Valentina dio un paso atrás.
Demasiado rápido.
La grava crujó bajo su zapato.
Silencio.
—¿Quién está ahí? —preguntó Sergio.
Valentina corrió antes de que pudieran verla.
No lo hizo por miedo.
Lo hizo porque sabía que una verdad escuchada no siempre basta.
Necesitaba pensar.
Necesitaba decidir.
Subió por la escalera lateral hasta la terraza superior, donde el ruido de la gala aún no llegaba del todo.
Sus manos temblaban.
No por el recuerdo.
Por la magnitud.
Amelia no solo había fabricado la ruptura.
También estaba engañando a Damián con su propio hermano.
Y el hijo que todos celebraban quizá no era del CEO.
—Valentina.
Se giró de golpe.
Damián estaba detrás de ella.
Solo.
La había seguido.
—¿Qué pasa? —preguntó—. Estás pálida.
Ella soltó una risa breve.
—Qué observador te volviste. Tres años tarde, pero observador al fin.
Él la miró con paciencia cansada.
—No tengo tiempo para pelear contigo.
—Yo tampoco.
—Entonces dime por qué pareces haber visto un fantasma.
Valentina sostuvo su mirada.
Parte de ella quería decírselo en ese instante.
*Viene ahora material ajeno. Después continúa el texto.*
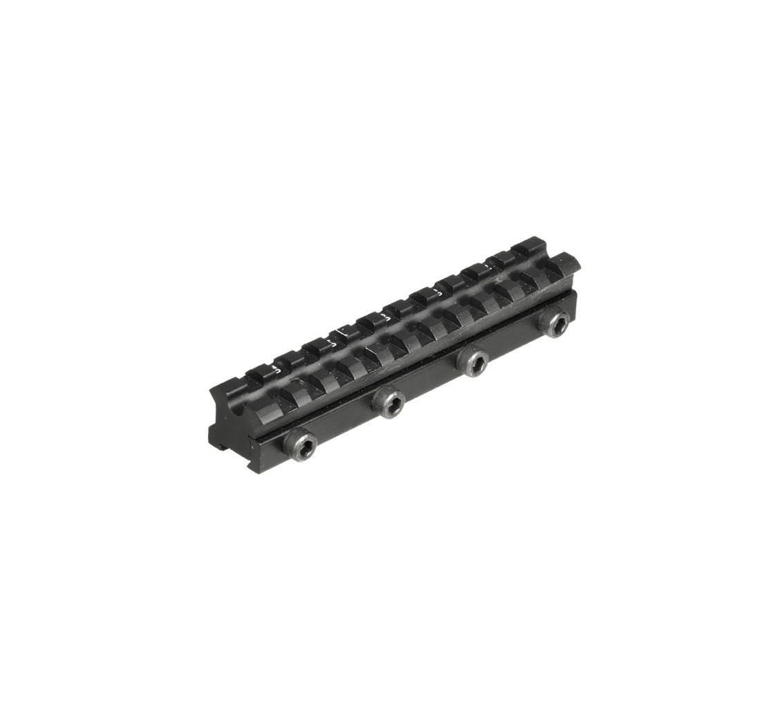Base per attacco Scina/Dovetail 9 e 11. Permettono di avere una base Picatinny/Weaver da 11 slot su cui installare ottiche od accessori vari.

Otra parte quería verlo subir al escenario, sonreír para la prensa y descubrir por sí mismo que toda su vida era un escenario levantado sobre la mentira que él eligió creer.
—No deberías anunciar nada esta noche —dijo al fin.
Damián frunció el ceño.
—¿Por qué?
—Porque no sabes con quién vas a comprometerte.
—¿Qué significa eso?
Valentina lo miró.
—Significa que si todavía te queda una mínima capacidad para escuchar, canceles la presentación.
—No voy a cancelar una gala entera solo porque tú apareces de repente y me hablas en enigmas.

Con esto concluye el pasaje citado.